Editor's letter: Off to college
Most of us have done something stupid to fit in, and we’re never more prone to that urge than at the cusp of adulthood.
Last weekend I installed my son, Austin, at college. I’m under no illusions: The “orientation week” before his first year of classes starts will be richly lubricated with alcohol. That’s not just an outcome of exuberant 18- and 19-year-olds being suddenly freed of parental supervision. According to researchers at Colgate University (see Health & Science), excessive collegiate drinking is a perverse social imperative. They found that college kids binge drink mostly to fit in, and that the happiest ones are those who drink the most. The study suggests that if you want your kid to be happy at college these days, you have to be willing to accept that he or she will be regularly slamming down at least four to five drinks in a single session. Is this what I signed off on?
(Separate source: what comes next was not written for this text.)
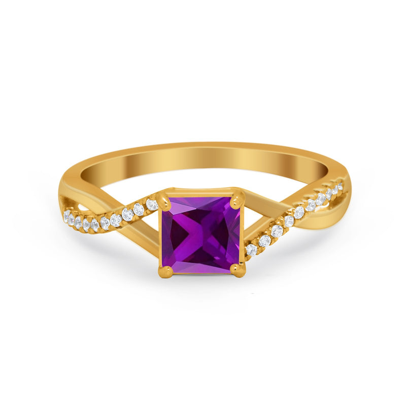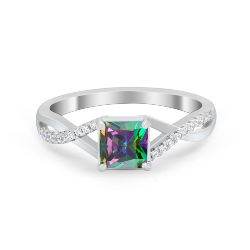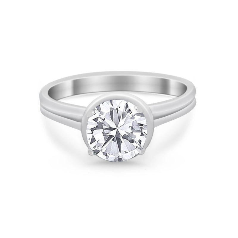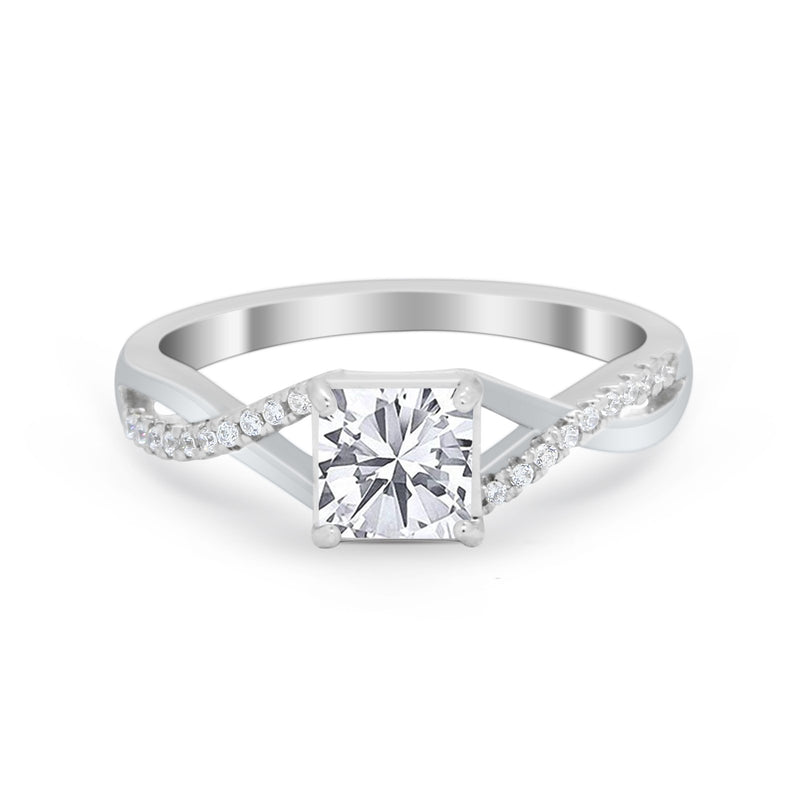 Princess Cut Wedding Ring Round Simulated Cubic Zirconia 925 Sterling Silver

Most of us have done something stupid to fit in, and we’re never more prone to that urge than at the cusp of adulthood. Imperfect as we are, most of us do stupid things as part of the slow process of figuring out how to be smarter. The problem, of course, is that stupid actions can lead to tragic results. But what can you do? Child-rearing is ultimately an act of keeping faith and letting go. I trust Austin’s judgment, and take heart in his healthy disdain for the privileged frat boys that inhabit the hard-drinking pinnacle of the social hierarchy at many colleges, though not at his. But I still can’t help hoping that his own way of fitting in will include quiet evenings in the library, a few acts of altruism, and spirited debates about love, literature, and politics. And he should remember that embarrassing story I told him about my first intensive encounter with sangria, many years ago.